REQUIRED WORK:
Print the lines from the one containing "拉长时间来看,1月股票ETF" through the end of the material below, both included, exactly as they appear and without pictures.

RAW DATA:
● ● ● ● ●
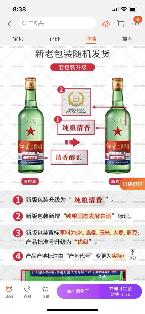 另一边,原本就采用传统工艺酿造的白酒则在包装和营销中强化“纯粮”的概念。比如56度红星二锅头,新包装上以“纯粮清香”替代原来的“清香醇正”,且增加了“纯粮固态发酵”的标志;新版原料表中也明确标注原料为:水、高粱、玉米、大麦、豌豆,产品标准号升级为“优级”。
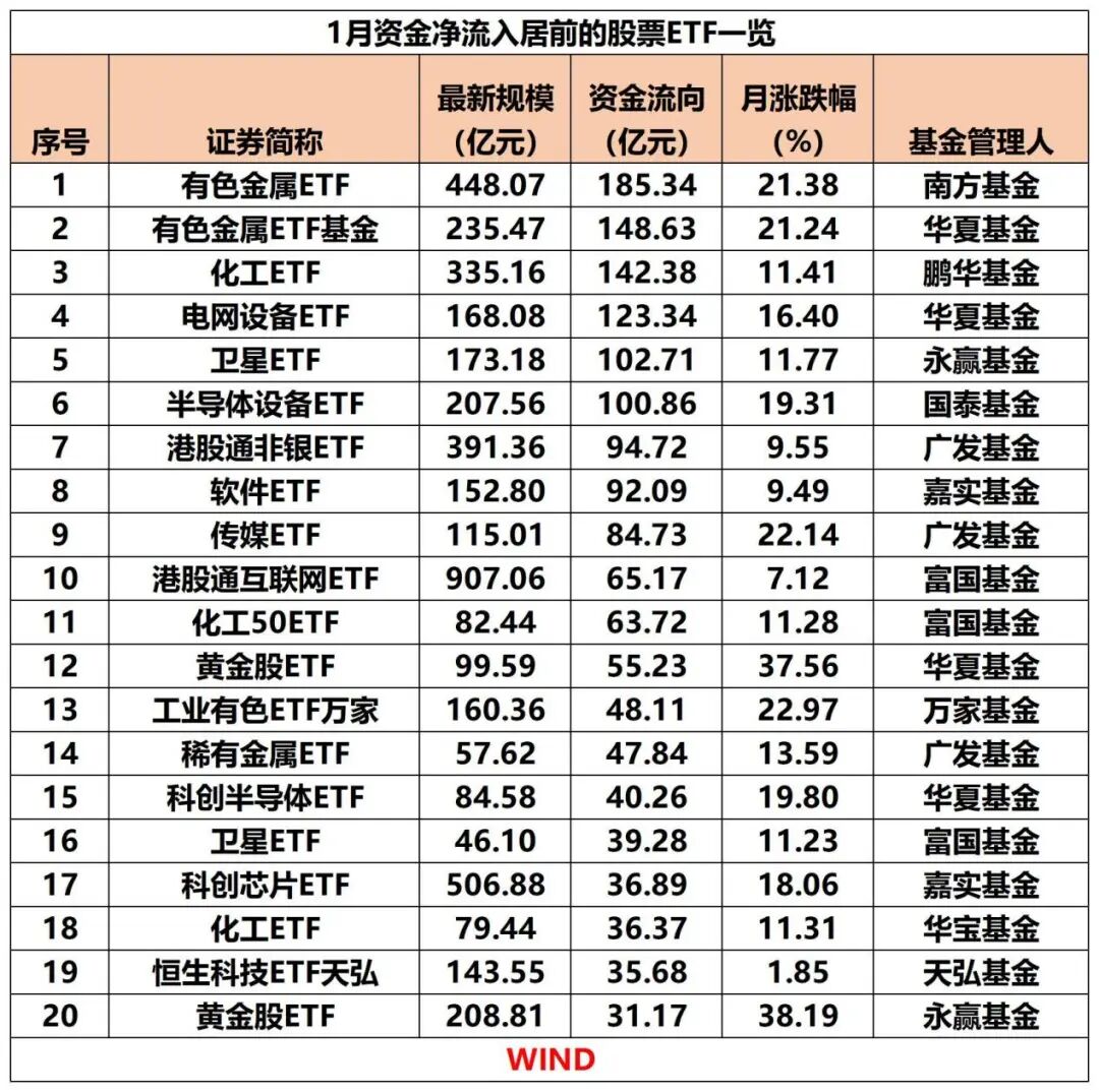 拉长时间来看,1月股票ETF资金累计净流出超7900亿元,有色金属ETF、化工ETF、电网设备ETF、卫星ETF等热门主题ETF资金净流入居前,沪深300ETF、上证50ETF、中证500ETF、中证1000ETF等宽基ETF成为“失血”大户。
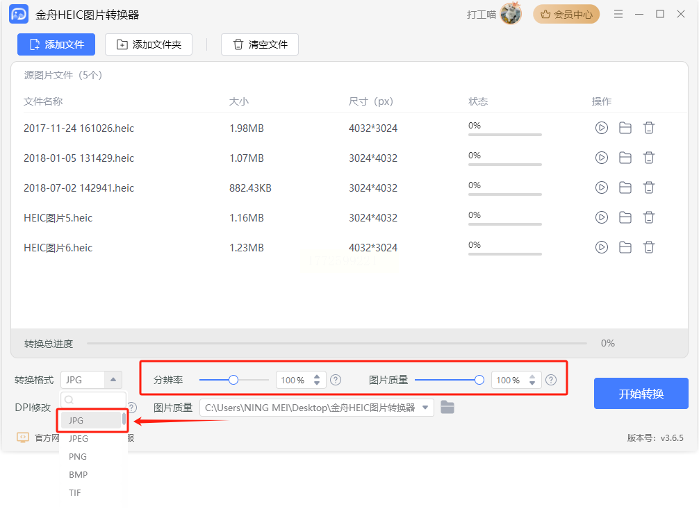 这个方法最适合:想把HEIC转成JPG时,还能调整图片大小(比如发朋友圈需要压缩尺寸),但软件操作也很简单。
● ● ● ● ●
OUTPUT OF THE EXERCISE:
 拉长时间来看,1月股票ETF资金累计净流出超7900亿元,有色金属ETF、化工ETF、电网设备ETF、卫星ETF等热门主题ETF资金净流入居前,沪深300ETF、上证50ETF、中证500ETF、中证1000ETF等宽基ETF成为“失血”大户。
 这个方法最适合:想把HEIC转成JPG时,还能调整图片大小(比如发朋友圈需要压缩尺寸),但软件操作也很简单。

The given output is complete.